Texas Hold ‘Em is one of the most popular versions of poker, even making mainstream media coverage like ESPN. The top players may make it look easy, especially with the way the television coverage shows what each player is holding. But in a real tournament, watch out: those who think they are “experts” because they watch it on TV or play it online for fun are more than likely to get a real awakening.

“Molly’s Game” is the new film that was adapted for the screen and directed by Aaron Sorkin in his directorial debut. The film stars Jessica Chastain (The Martian, The Help), Idris Elba (Prometheus, Thor), Kevin Costner (The Untouchables, Dances with Wolves), Michael Cera (Juno, Superbad), Jeremy Strong (The Judge, Zero Dark Thirty), and Bill Camp (Loving, Gold).
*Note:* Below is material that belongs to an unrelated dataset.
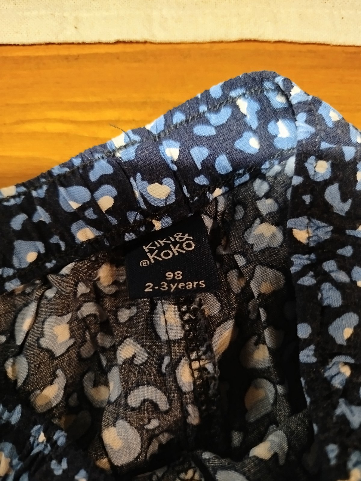 zn.Kiki & Koko, vel.98, cel.d. 43,5cm, od rozkroku 27cm, obvod v pase 25cm x 2 vzadu je guma takze sa prisposobia. ako nove.

Inspired by true events, it is the story of Molly Brown (Chastain), an injured professional skier whose life is going nowhere until she gets hired as an assistant to a Hollywood wanna-be mogul named Dean Keith (Strong). After working for Dean for a while, he puts Molly in charge of starting a weekly underground poker game in Los Angeles that only high profile people are invited to. With that experience, Molly makes as career of running her own successful high end game, and as expected, things go south as she gets indicted by the Federal government. She hires attorney Charles Jaffey (Elba) to represent her, and from there the story of the ongoing case ensues.

I really like the way Sorkin uses his scenery and the sets to really set a proper mood that complements this story. When it comes to the acting, Chastain does well as the lead. I do not see any award nominations for her, but she does as well as she does consistently. My shout-outs in this film, however, goes to Cera, who does well in his role as a top star who is regular in the game who likes to get every advantage he can without outright cheating, as well as Elba, who does a great job as the attorney, which could possibly net him at least one Best Supporting Actor nod.

“Molly’s Game” runs about two hours and twenty minutes, but the way it is presented I stayed still interested. With the narration through the film by Chastain explaining what happened and why things turned out the way they did, it helped me understand the plot much better with even good little twist at the end which pleasantly surprised me. This film is rated “R,” but so keep that in mind when it comes to whom you go to this with, so I will recommend it as a matinee showing in the theaters.